Por Agencia

Efrain perdió la cuenta de los días que estuvo en el mar hasta que un buque con bandera griega lo rescató. Un día antes, en una noche con luna llena su compañero había muerto, aun no sabe si fue el cansancio, las heridas, la deshidratación o su edad avanzada, solo unas horas más y habría sobrevivido como él.
Cristobal Hernández Becerra ya era grande, junto con Efrain García Ramírez zarparon de Santa Cruz Huatulco a pescar tiburón. Utilizaron, rentada, la misma embarcación que hace más de 15 días antes había sido rescatada junto con tres pescadores tiburoneros que sobrevivieron a 10 días de naufragio.
Fue otra vez el motor.
Otra vez a la deriva; ahora con dos tripulantes, esta vez la lancha no resistió los embates de las olas de un mar embravecido.
El relato de Efraín fue con voz débil, la mañana después de la primera noche en su casa, con su familia, con su esposa y sus dos hijos; aun se le escucha el alma agitada.
Platicó con el periodista Humberto Cruz, durante el noticiero matutino más escuchado tanto en los Valles Centrales como en algunas regiones del estado de Oaxaca, entre ellas la Costa a través de la emisora local Estéreo Huatulco.
Efraín aceptó la entrevista para agradecer a todas las personas que se preocuparon por él y su tripulante, al presidente municipal, al gobernador de Oaxaca, a sus compañeros pescadores y a quienes pidieron por ellos en sus oraciones.
El relato lo hizo con voz tenue, como quien se queja en voz baja, de repente se le quiebra la voz y se le inundan los ojos.
Segun explicó, en los primeros días a la deriva sobrevivieron con pescado crudo puesto al sol fileteado y un poco de agua.
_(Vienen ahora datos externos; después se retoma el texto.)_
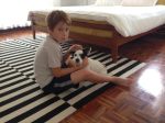 So we had the bright idea of getting him a buddy, another dog to keep him company thus began a rather quirky quest. Jake’s breeder said she wouldn’t have any puppies available for 6 months so we started contacting other Jack Russell breeders. They all turned out to be kind of weird. They had houses full of bouncy, yappy little dogs and wore homemade t-shirts with “I Heart My JR” captions over pictures of their loved ones. One guy swore to me that his dog could talk although what came out of his hairy progeny’s mouth didn’t sound anything like “I love you” to me. The only things missing were the tinfoil hats and UFO abductions.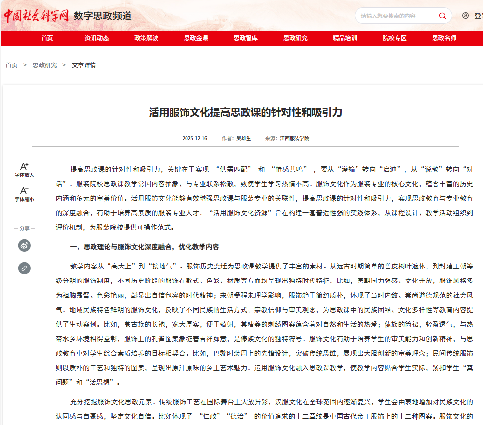 文章链接:活用服饰文化提高思政课的针对性和吸引力-数字思政频道-数字思政频道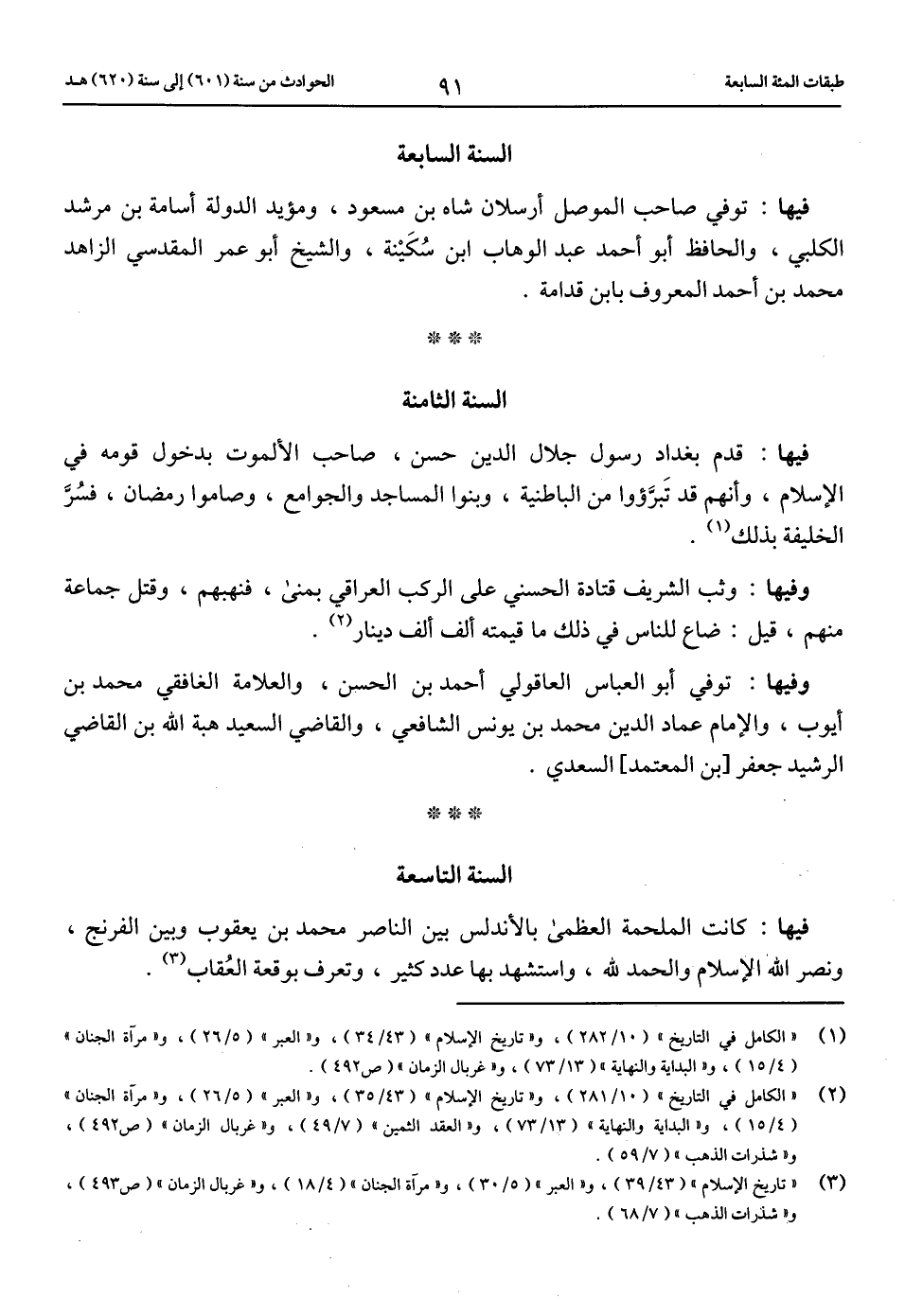 (1) «الكامل في التاريخ» (10/ 282)، و «تاريخ الإسلام» (43/ 34)، و «العبر» (5/ 26)، و «مرآة الجنان» (4/ 15)، و «البداية والنهاية» (13/ 73)، و «غربال الزمان» (ص 492).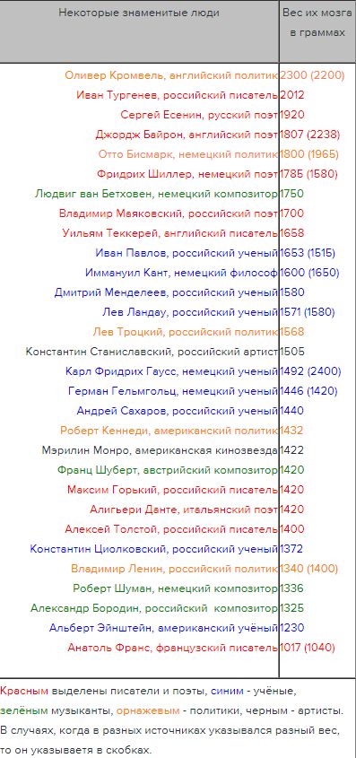 Известно, что у Ивана Сергеевича Тургенева вес мозга оказался равным двум килограммам двенадцати граммам. Можно было бы считать его мозг самым большим, однако, самый тяжёлый мозг — 2850 г — был обнаружен у индивида, который страдал эпилепсией и идиотией. Мозг его в функциональном отношении был неполноценным. Поэтому прямой зависимости между массой мозга и умственными способностями отдельного индивида нет.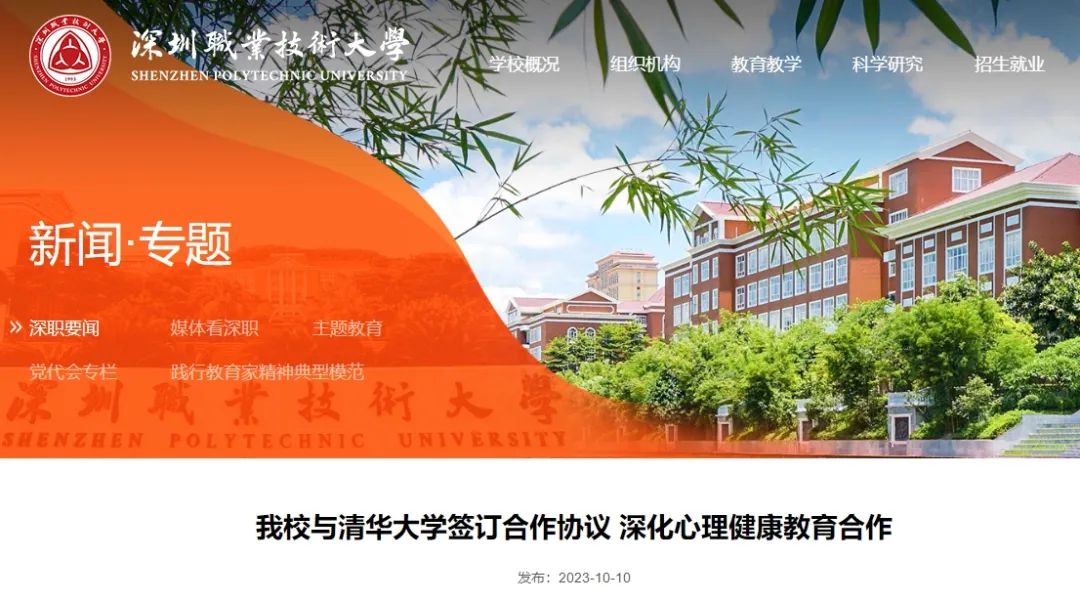 深圳職業(yè)技術(shù)大學(xué)官網(wǎng)發(fā)布消息,近日,深圳職業(yè)技術(shù)大學(xué)與清華大學(xué)合作簽約儀式在深職大舉行。依托雙方共建的深職大積極心理學(xué)研究中心,雙方將在心理健康教育方面開(kāi)展深入合作,進(jìn)一步推動(dòng)積極心理學(xué)在中國(guó)的發(fā)展和應(yīng)用。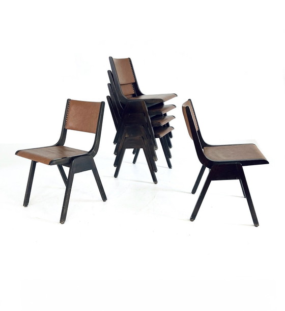 Set van 6 vintage stapelstoelen uit de jaren ‘60 (meerdere sets van 6 beschikbaar). Prachtige massief houten stapelstoelen in de stijl van Roland Rainer. Houten voet in haakse verbinding. Bruine skai stoffering nog in nette staat. Afgewerkt met sierlijke popnagels. Leuke stoel voor in winkel, horeca of natuurlijk gewoon thuis. Afmeting Hoogte 81cm Breedte 48cm Diepte 49cm Zithoogte 47cm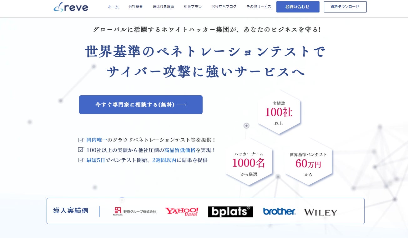 弊社は、ノーコード開発の分野で培った豊富な実績と経験を基に、お客様のビジネスサイトのセキュリティ対策にも力をいれております。セキュリティ対策(ペネトレーション・脆弱性診断)の導入実績としてYahoo JAPANや野原グループ株式会社など大手のクライアントとも多数取引をしております。弊社のセキュリティ対策は、世界的に活躍するホワイトハッカーと連携し、常に最新の脆弱性情報を反映させ、日々進化するサイバー脅威にもリアルタイムで対応することが可能です。
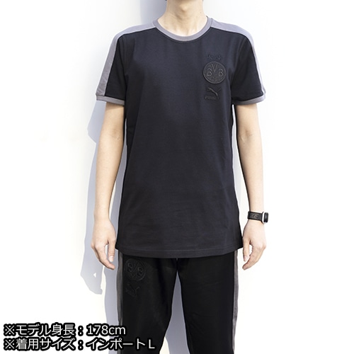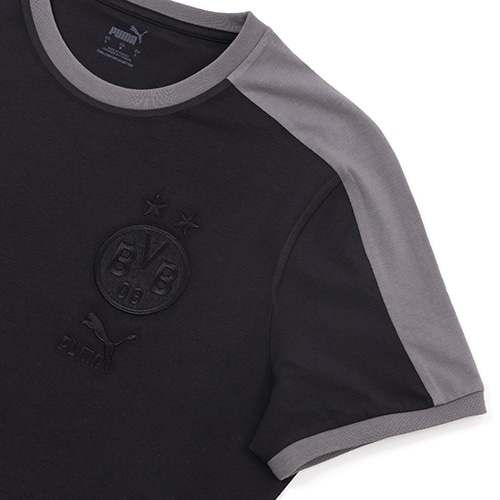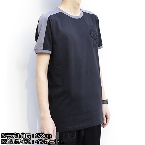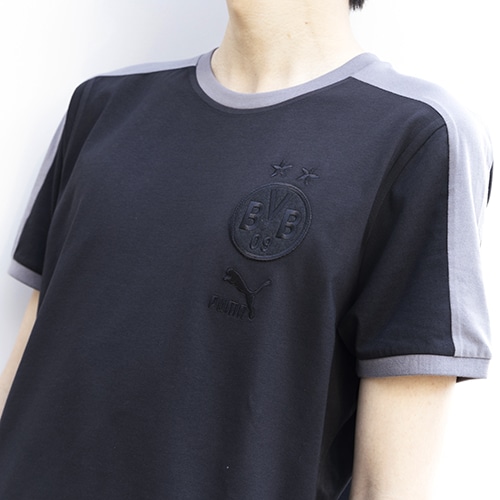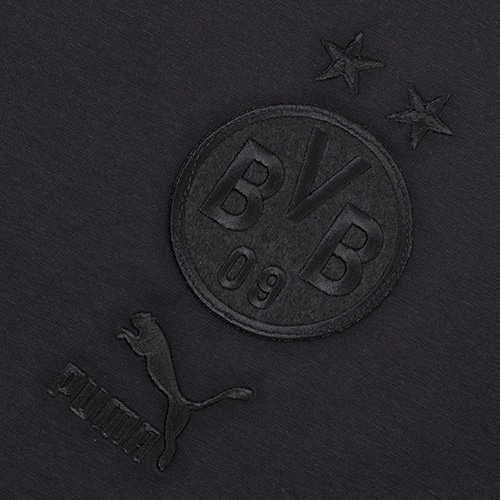 左胸にあしらわれたボルシアドルトムントの刺繍紋章とプーマロゴが特徴的な一枚。袖にはプーマを象徴するT7のサイドラインをあしらいました。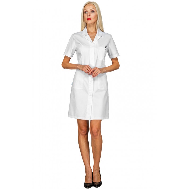 Non è sfiancato come in foto e le maniche sono molto più larghe. Premetto che sono di corporatura magra ma sono alta 1,75 e il camice mi arriva alle ginocchia, è troppo largo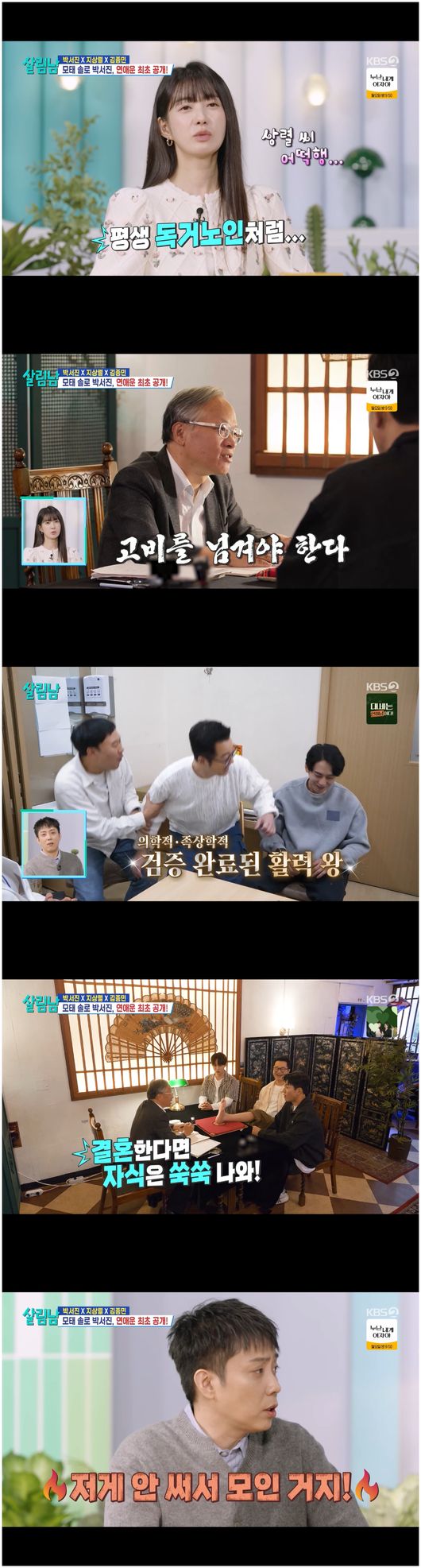 <리뷰:방송시청후작성된리뷰기사입니다.>[OSEN=오세진기자]'살림남2'결혼23년차이요원이남편에대한쿨한모습을보였다.1일방영된KBS2TV예능'살림남2'에서는16살연하쇼호스트신보람과의관계가소원해진지상렬의모습이등장했다.지상렬은이미신보람에게말실수를했다는생각에모든게끝이났다며시름시름앓았다.신보람의나이대를듣고그만의독한농담으로"갱년기네,이제훨훨날아가라"라며농담을던졌는데신보람이당황하며자리를떴던것이었다.이런지상렬을응원하기위해김종민과박서진이등장했다.그러나박서진은모태솔로로서,그리고냉철한시선과발언으로지상렬의화를돋우었다.지상렬은"너노래더이상안하고싶어?"라며우스운느낌으로경고를해웃음을안겼다.김종민은나름의생각을전했다.그딴에는신보람의마음을풀어주기위해일단말을다정하게해보라고조언했다.이를테면사랑한다는말을해보란것이었다.이에박서진은물론지상렬까지질색했다.이요원은“사랑한다는말을자주해줘야한다”라며강조했다.살림남출연자중가장오랜결혼생활과함께아이도가장많이낳은이요원으로서는꽤권위있는조언같았다.박서진은“그럼사랑한다는말을마지막으로한게언제냐”라며대뜸물었다.이요원은“애들한테는자주해준다”라고말했다.은지원은“남편한테는왜안해주냐”라며캐물었고,이요원은“이제그분한테는안해줘도돼요”라고말해웃음을안겼다.박서진은지상렬의솔로행을걱정하며'족상'철학원을찾았다.한마디로발바닥모양을보고인생을짚는것이었다.철학원에서는“달밤의황제다.만약결혼하면자식은쑥쑥나온다”라며지상렬의미래를읽었다.이요원은“얼른장가가셔서아이를낳아야겠다”라고말했다.은지원은“저게안써서모인거지!얼른결혼을해야한다”라며거침없는발언으로이요원의고개를푹숙이게했다.다만철학원에서는“내년까지는결혼운이있다.그런데이번에안되면,상당히이제오래걸릴거다”라며지상렬에게말했다.그는“고비를넘겨야한다”라며지상렬에게마치지금신보람과의고비가있다는것을알고있는것처럼말했다.박서진은내친김에지상렬의외모를가꾸기위해가발원을찾았다.지상렬은"내가아래머리숱은많으니까위를신경써달라"라면서여러가지변신을했다.이어지상렬은꽃을사들고신보람을만났다.지상렬은“내가동생들과편하게이야기를하던게버릇이밴것같다”라며자신의말실수를인정했고,신보람은“오빠는말을좀더예쁘게해야한다”라고말했다.그러자지상렬은“고양이가되라면고야이가되겠다.야옹”이라고말하며신보람만을위한귀여운남자로거듭날것을약속했다./[email protected][사진출처]KBS2TV예능'살림남2'방송화면캡처Copyright©OSEN.무단전재및재배포금지.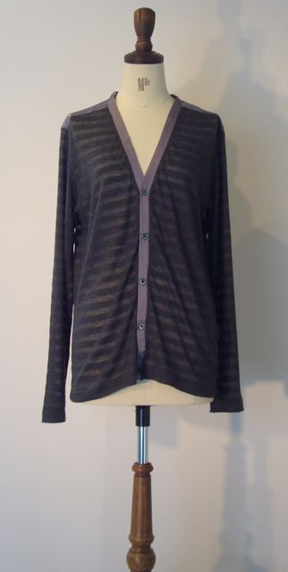 2012/3/19 RIVORA 2012 S/S Collection RIVORA 2012S/S Collection ■ cardigan tencel 95% / polyurethane 5% col. grey , ecru size M ¥25,200 (24,000) – sold out 光沢感のある別布のトリミングが目を惹くデザインカーディガン 身頃のボーダー部分は一段おきにシースルー素材になっているため、 これからの季節涼しげな雰囲気で活用しやすいデザイン とても柔らかい素材で着心地がよく、トリミングとの配色も個性的で上品な一枚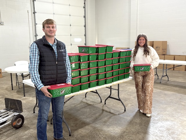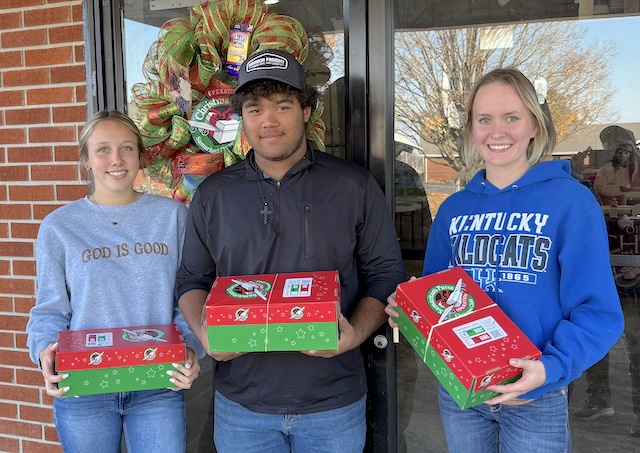 2025-11-24 - Columbia, KY - Photo courtesy Mark Fudge. Hailey Hovious, Gavin York, and Haiden Russell dropped off their three boxes Sunday afternoon at the Wheet Fellowship Hall. They said this was the first year they had packed shoebox gifts. They were the first individuals to drop off on Sunday afternoon.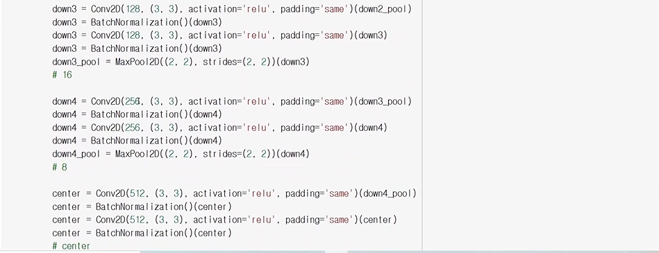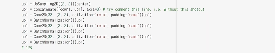 - upSampling을 먼저 수행후 같은 사이즈를 만들어 놓고 concatenate함수를 수행

Después de que el mar volcó la lancha vino la verdadera batalla por la vida.
Don Cristóbal le daba ánimos porque ya no tenía fuerzas. Efraín reseña que luchó durante dos días para desmontar el motor para que no se hundiera la lancha. Las olas lo azotaban contra las aspas pero finalmente lograron mantenerla a flote, volcada pero todavía un poco útil.
Al paso de los días ya no tenían agua ni alimentos, Efraín dice que don Cristóbal lo ayudó para subir al lomo de la lancha, él le daba más agua de la ración porque debido a su avanzada edad era el que más la necesitaba.
Durante todos esos días de naufragio casi no durmieron, no se podía.
-De que hablaban en esos días?
Preguntó el reportero.
-Hablamos de qué haríamos para regresar con las familias; dijo Efraín y en ese momento se derrumbó. A punto del llanto dijo que fue como un padre para él antes de que lo reclamara el océano. Tal vez fue la hipotermia.
Efraín relata que para sobrevivir bebió la sangre de un ave que llegó a la lancha. Mató también una tortuga y también bebió su sangre y comió su carne.
Cuando finalmente fue rescatado por un buque petrolero con bandera griega, el capitán de la embarcación estaba sorprendido. Fue encontrado a más de 250 o casi 300 millas náuticas mar adentro, frente a las costas de Acapulco.
El buque debió desviar su ruta y acercarse a aguas territoriales y no de México. Le dieron de comer, curaron sus heridas y le dieron ánimos hasta que lo entregaron para llevarlo a tierra firme.
-Regresará al mar?
Preguntó el reportero.
-No sé; debo dejar que pase todo esto y después sabré si regreso, dijo Efraín quien disfrazó un suspiro con una exhalación.
La mañana, durante la entrevista, el mar estaba inquieto. A lo lejos parecía azul y apacible. A las playas llegaban olas grandes como caricias toscas de un océano inmenso, poderoso, generoso, pero también letal.